# Hamsters, What do you feed yours??



## tinks30 (Nov 2, 2008)

What reats do you give yours? What would you say is bad for them? (Acat) :lol2:


----------



## ryanr1987 (Mar 7, 2009)

I used to feed my little boy a varied diet, sometimes i'd give him corn flakes,coco pops and shreddies, rice crispies and sometimes ham, corn beef and bits of chicken and normal hamster food he lived for a bout 4 years bless him


----------



## lozza84 (Jan 7, 2010)

my hammy loves anything really but i think her fav food is weetabix hehe she also has dried banana, dog biscuits, chicken, ham, cornflakes, the green 'peas' from guinea pig food, like i say anything really


----------



## pigglywiggly (Jul 19, 2008)

hard boiled eggs are a favourite, and cat biccies.
or a juicy wriggly mealworm alien


----------



## lozza84 (Jan 7, 2010)

can they eat waxworms cos i have some of those...


----------



## Darklas (Mar 25, 2009)

I gave my hamster a locust once to see what he'd do.

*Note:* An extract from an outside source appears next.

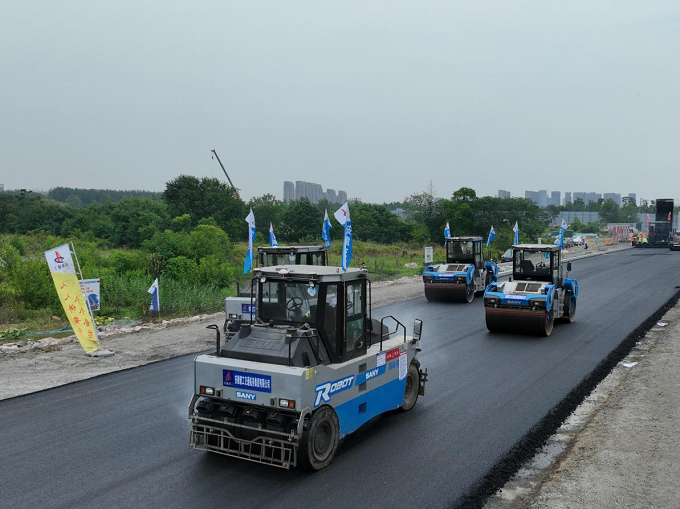 上午8点整,在项目西宁路沥青面层施工现场,2台大型智能摊铺机与4台压路机有序驶入,路面摊铺施工如火如荼,井然有序进行摊铺作业,将用于建造路面的沥青混合料均匀铺设碾压在地面上,而6台设备的驾驶室内,空无一人。

He tore off the head, ate it, and left the rest. lol. 

I like to give the hamster some wee bits of fruit, but for the most part his favourite thing is wafer. Like the wafer ice cream cone. There is wafer on a hamster treat, called a seed sandwich or something, and he eats all the wafer and ignores the seed.


----------



## Myth (May 22, 2009)

*Bad for them: *​ 
Top foods to avoid are Onion and garlic - and foods containing them. 
Avoid 'junk' too...sweet biscuits cake chocolate etc.
Any sticky sharp or melting foods are not good as could all cause problems if 'pouched'. 

Common sense - if you're not sure then don't feed it. (and while giving extras is good for them...too much or too many new 'wet' food/s at once could upset their stomach and cause diarrhoea.) ​ 
*Some good ideas...*​ 
Dog and Cat biscuits, Dried mealworms (and live on occasion) Oats, Raisins, Sunflowers seeds, Monkey nuts, Pumpkin seeds, Hazelnuts, Cashew Nuts, Millet / millet sprays, carrot, cucumber, apple, pear, sweetcorn, peas, broccoli, cooked potatoes, fresh parsley, pasta, rice, porridge, bread /toast, cereals, Mild cheese, yogurt, crackers + rice cakes, Plain cooked chicken / eggs / White fish....I could go on and on.​ 
Most of my lot were NOT that keen on live mealworms...
but it was bloomin funny watching their reactions ! ​ 
:lol2:​


----------



## dickvansheepcake (Jul 8, 2009)

My Manny absolutely loves live meal worms! He only gets one every couple of weeks, but I think he'd happily munch them all day long if I let him!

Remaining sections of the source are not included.